Мне вот, кстати, это тоже офигенно интересно.

— Как принадлежность к сословию морских витязей. — не без некоторой гордости ответил Утмир.

— Простите, царевна, мой недогляд. — вновь вступил в беседу Энгель. — Ваш сын изъявил желание во время нашего перехода изучить азы морского ремесла, и когда началась буря, наравне с прочими боролся с волнами, а весь остальной поход был то на веслах, то с парусом управлялся, и вчера, когда мы встали на рейде Аарты, экипаж единодушно решил, что царевич вправе назвать себя моряком. Так мои люди оценили его старание и умения.

— Это старинная традиция. — добавил Морской воевода. — Боюсь, даже я не смог бы запретить им признать царевича Утмира равным пред лицом Висну.

Так-так-так, это чего же внучара такое во время шторма отчебучил-то? За просто грести веслом ему серьгу друджа лысого матросики бы дали.

— Что же, это событие может меня лишь порадовать. — с непроницаемым лицом произнесла Валисса. — Государь наш Лисапет доказал свое право именоваться философом, так отчего его внуку не поступить подобным образом в отношении морского ремесла?

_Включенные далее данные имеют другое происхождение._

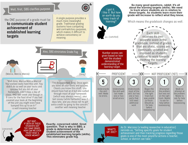 There are a lot of descriptions of standards-based grading floating around. I could quote or link to any of them, but I’m currently liking this three-page infographic from Sarah last-name-unspecified New Jersey Math Teacher (SNLUNJMT for short), who summarizes it all in one place. I’ll pause now so you can read it carefully and digest it slowly: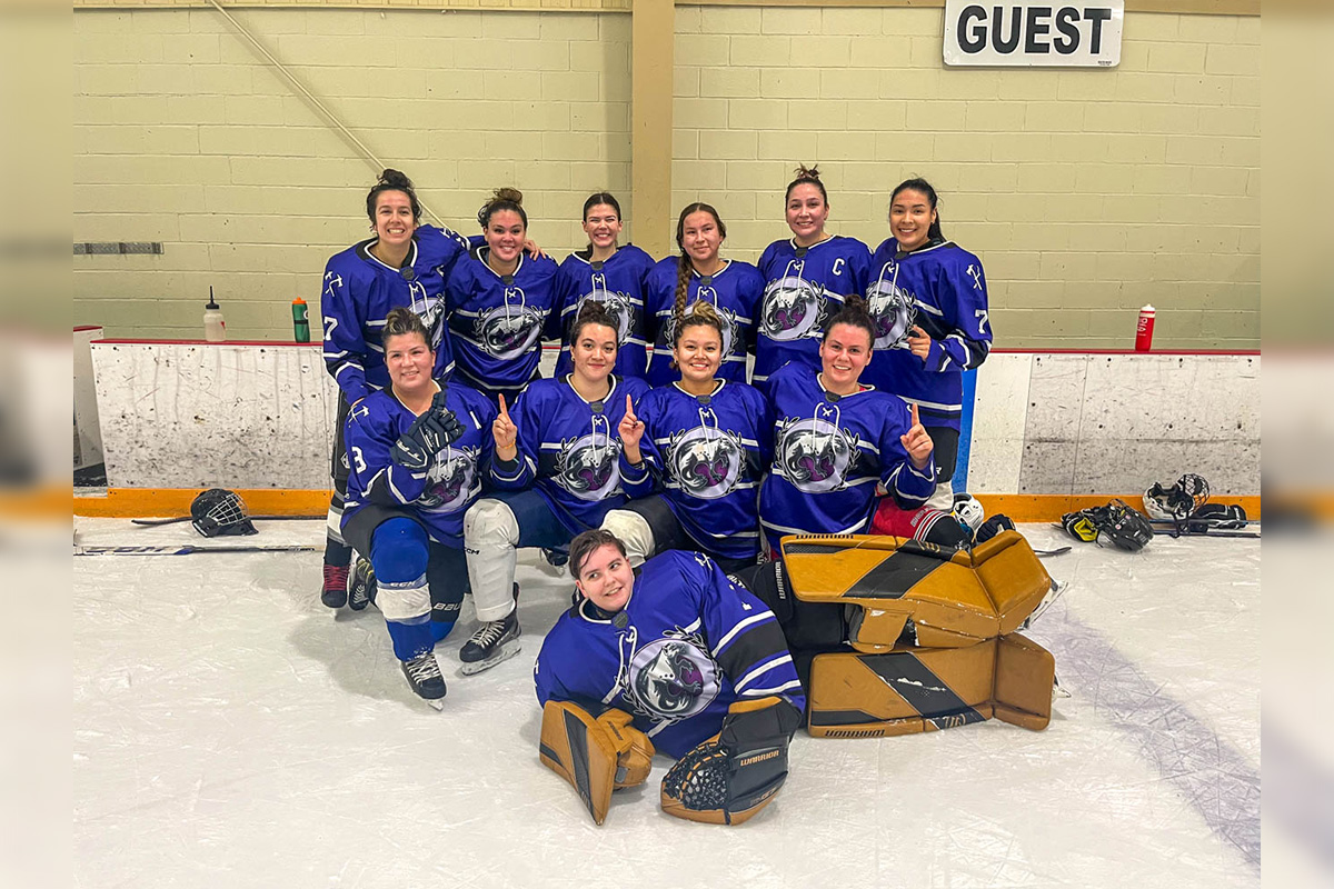 The Wolverines took the women’s Winterfest title on Sunday. The champions are, back row, from left, Shanna Landry, Shania White, Nyssa Solomon, Delani Trudeau, Delaney Webkamigad, Angela Green, front row, Danielle Shawana, Savannah Corbiere, Lyric Pitawanakwat-Peltier, Amber Lewis and Kristen Meilleur.

Это вот сейчас была похвала сыну, или шпилька в мой адрес?

— Не желает ли государь проследовать в Ежиное Гнездо? — продолжила царевна. — Завтрак уже готов.

— С удовольствием, дорогая невестка. Я, право, уже проголодался. — взгромоздившись на Репку я повернулся к хефе-башкенту. — Князь, наши корабли получили некоторые повреждения в бурю. Распорядись, чтобы все необходимое для их ремонта немедленно доставили в порт.

— Будет исполнено, государь. — ответил Хурам с Большой Горы.

— Вашего доклада, Штарпен, я ожидаю сразу после завтрака.

— У меня все для этого готово, ваше величество. — ответил Главный министр.

— Ну вот и славно. — я тронул лошадь с места. — Княжну Нарчатку я приму в тронном зале перед обедом.

Для пущего аппетита.

* * *

— Ну а, в целом, как прошло твое регентство? — поинтересовался я у невестки, когда слуги расставили на столе всю посуду и удалились.

Во дворце уже давно привыкли, что за завтраком царь общается с семьей и лишних ушей поблизости не терпит. Даже Караим из Золотых Колпаков смирился с таким попранием традиций приема пищи, как монаршее застольное самообслуживание.

— По сути — довольно скучно. — отозвалась Валисса.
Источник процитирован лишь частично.